Why? If your going to say they choose to just to have a huge house well in some cases its true but in many cities houses are expensive as well as taxes so they move to the suburbs for an affordable house not always a big mcmansion but a house big enough for their family.


----------



## mhays (Sep 12, 2002)

Because they create their own situations. I love it when they cry about energy costs.


----------



## I-275westcoastfl (Feb 15, 2005)

mhays said:


> Because they create their own situations. I love it when they cry about energy costs.


Well not everyone can afford to live in the city even in these aerials you saw average looking 1 story suburban homes that werent even new those are the ones that middle class people couldnt afford in the city i know this is Kansas City homes are cheap there. Take examples like in florida people here move to the suburbs because they cant afford the average home in the city.


----------



## Skyland (Jul 3, 2005)

*PARKING LOTS RULE AMERICAN CITIES!*
I would not mind those suburbs if they would not destroy the urban atmosphere downtown. Recently (I live in the older part of the city), I talked to my neighbour, an old lady, who told me that in the 1950ies Tucson used to have a vibrant downtown with plenty of people shopping and dining. I can picture Congress-street with shops, restaurants and bars. Now Tucson's downtown is dead (it is a parking lot) and the city has virtually done nothing to revive its core - despite spending millions of dollars on the RioNuevo project. Tucson is growing very fast (the metro will reach 1 million soon), but downtown looks as if it has not been touched since the 1970ies! For me (orginally from Europe) this is simply uncivilized and shows how addicted the majority of the American society has become to television and cars (of course, there are many exceptions particularly on the coasts). I would call it the "convenience" society: overweight, uninformed and in need of 100% security at lowest cost. The majority of Americans has no need for culture or esthetics - Applebee's and Walgreens is just right to satisfy them. 

In European cities investors have built modern shopping malls in the center of the cities and hide the cars in underground parking lots. Modern urban transport systems reduce traffic and increase the number of people being able to enjoy urbanity. This had positve effects on the cities and in fact almost no downtown died in Europe despite people moving to the suburbs. Today even the city centers in Eastern Europe e.g. Wroclaw or Kosice (not even mentioning those in Western Europe) look more modern and wealthy than the average American downtown - despite that the American GDP per capita is one of the highest in the world.

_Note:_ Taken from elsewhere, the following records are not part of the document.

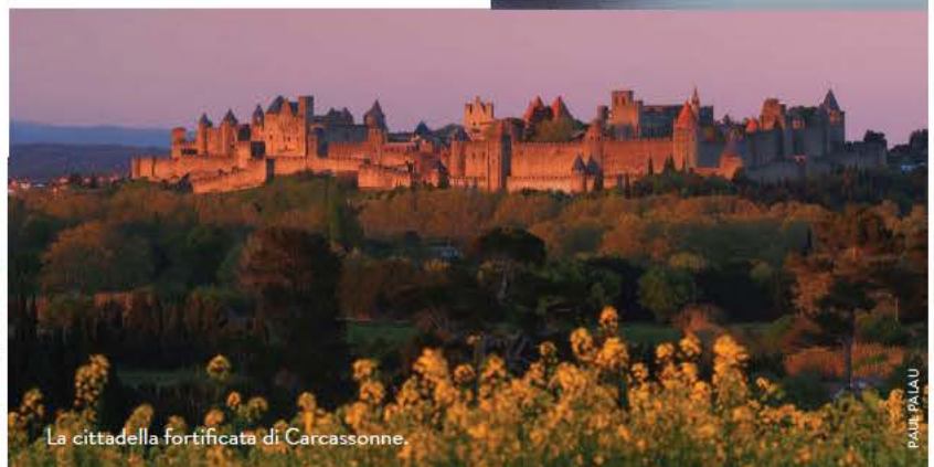
La cittadella fortificata di Carcassonne.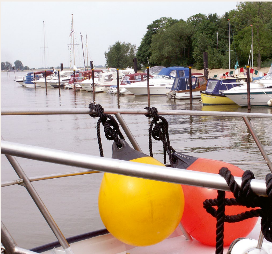
Der Sportboothafen in Sandstedt.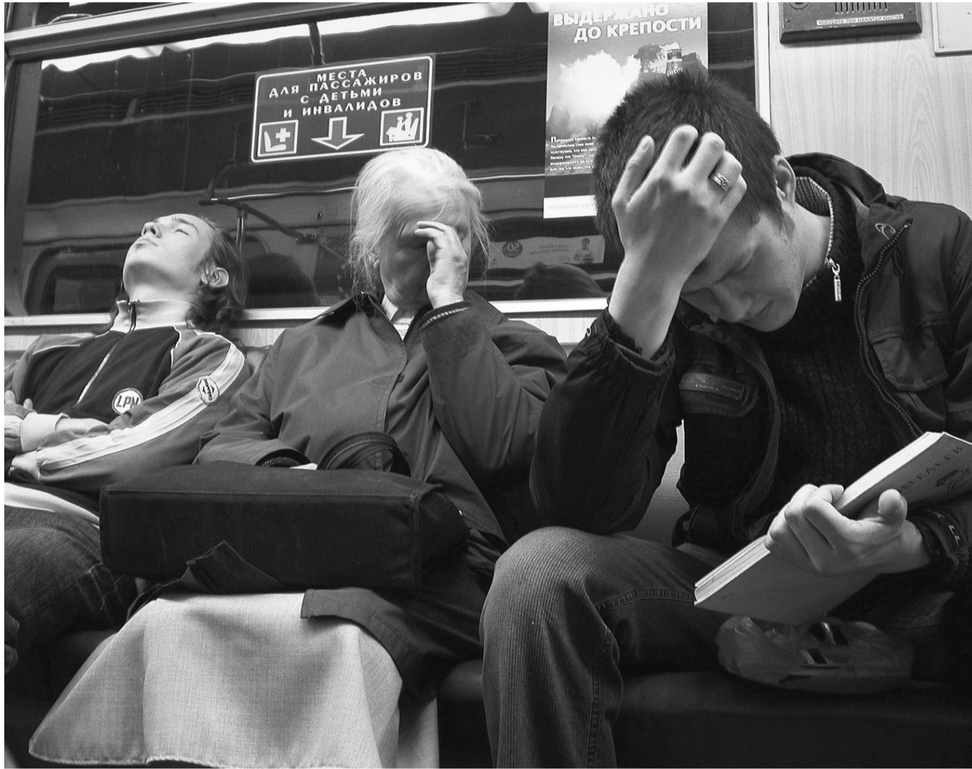
Забота об инвалидах в нашей стране порой ограничивается формальным выделением им особых мест в общественном транспорте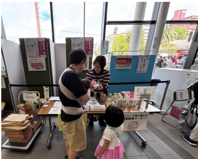
災害時の備蓄コーナー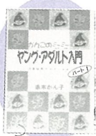
赤木かん子氏の著作本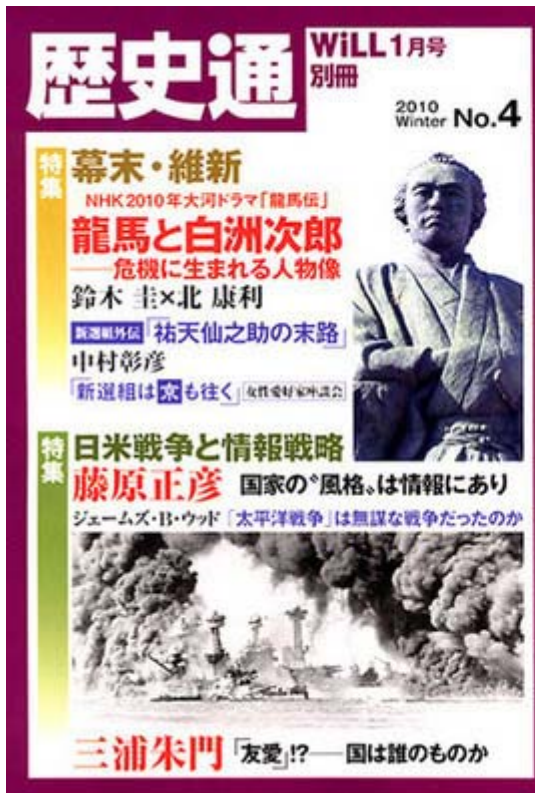
歴史通第四号は定価860円で好評発売中です。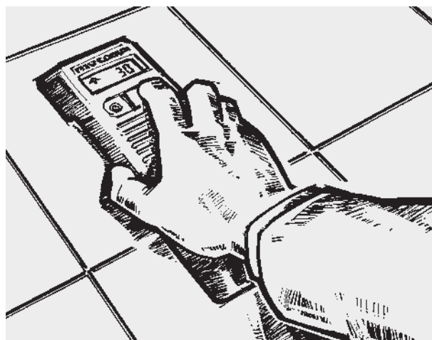
Jednoduchá nivelace díky jednotlačítkové obsluze (typické použití ručního přístroje)

Přístroj je tvořen kompaktním hadicovým bubnem se zápusťnými klikami, speciální hadicí a ručním přístrojem s displejem a jedním tlačítkem. Modul pro přesné měření, který je součástí ručního přístroje, měří rozdíl tlaku kapaliny mezi bubnem a ručním přístrojem.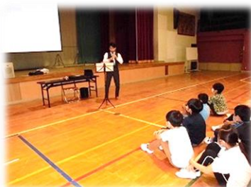
自分づくり夢教室(6年)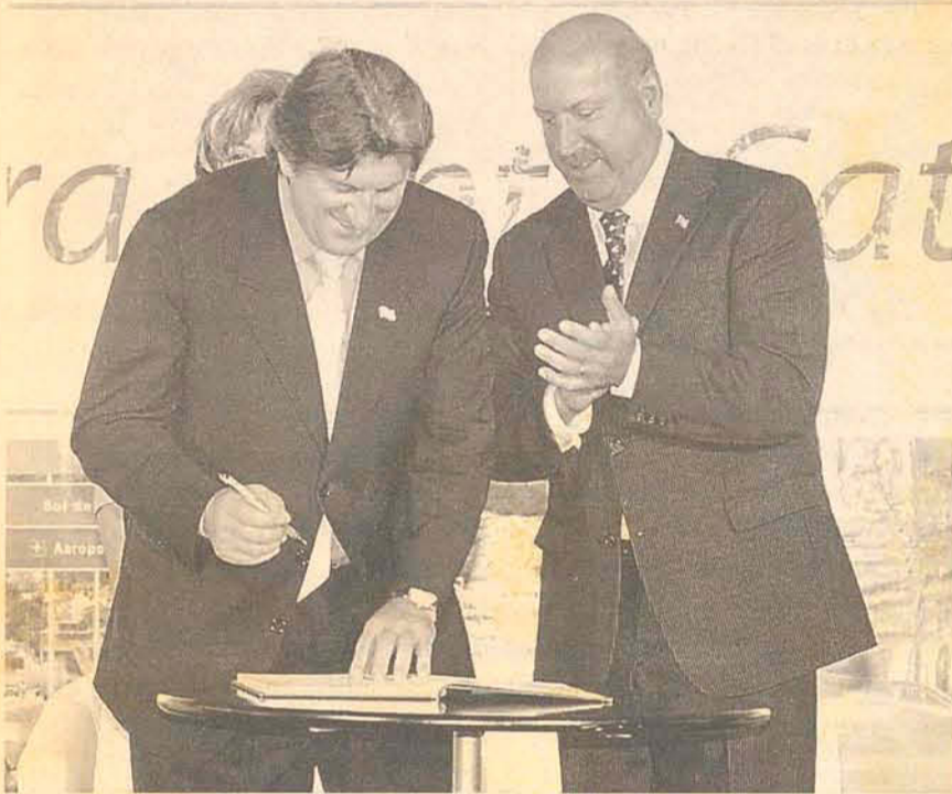
LHS e Leonel Pavan assumiram o Governo do Estado na última segunda-feira

PRIMEIRO GOVERNADOR REELEITO de Santa Catarina, Luiz Henrique da Silveira (PMDB) e seu vice Leonel Pavan (PSDB), tomaram posse na última segunda-feira (1º) no centro de eventos, Centro Sul, em Florianópolis. No discurso, Luiz Henrique voltou a defender a descentralização e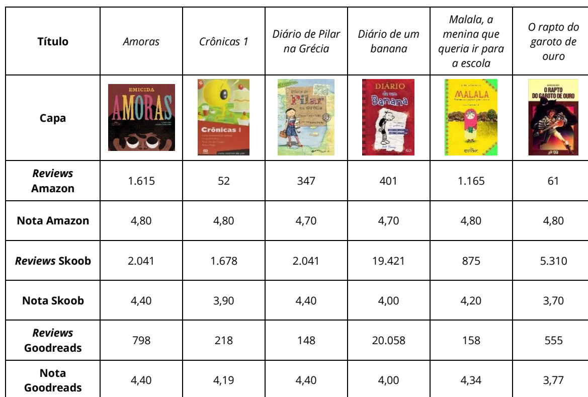
Quadro 3 - Quantidade de reviews e avaliação média dos livros pelos leitores e compradores

Dados coletados em 26 de novembro de 2020.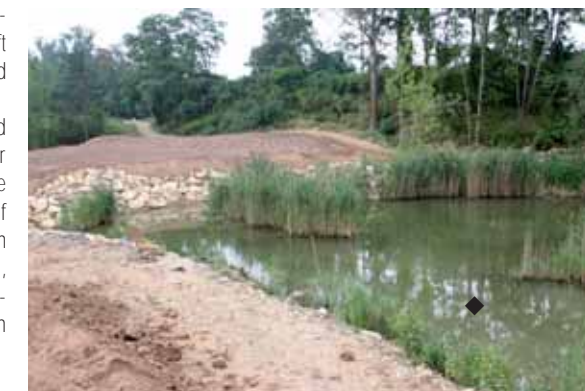
Biotop vor dem neuen 5. Grün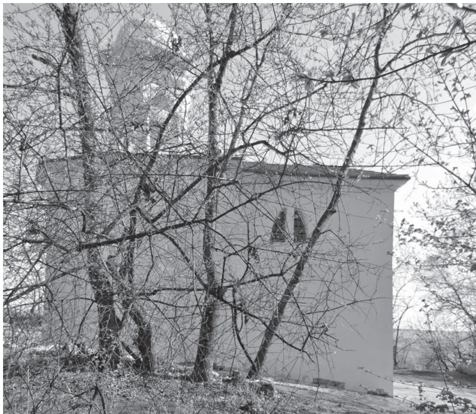
Kaple Božího hrobu, 2011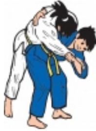
O Goshi (grosse Hüfte)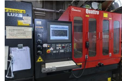
レーザー加工機(実習工場)

In Tucson, despite that I-10 runs nearby downtown (easy access for people using cars) nobody has even brought up the idea to build a shopping mall in the heart of the city. They still think that a stadium or an acquarium will revitalize the city. They should only drive down to Mexico to understand what urbanity is (and what it is not) - but they don't - and that's the problem: They believe a life defined by 6-lane highways stuffed with SUV's and no contact whatsoever with other human beings apart from work and BBQ is the normal way of life in the world.

Considering the climate and its many historic buildings Tucson could easily be a Guadalajara of Arizona or a Salamanca of the USA, but it is a Kaliningrad of the desert, because of the incability of our municipality and the dumbness of many of Tucson's voters. One does not even have to travel too far to find urbanity: Little Flagstaff in Northern Arizona with only 50.000 inhabitants has a beautiful and vibrant downtown even at night - a rare exception in the West. Tucson would only have to copy their concept, but...???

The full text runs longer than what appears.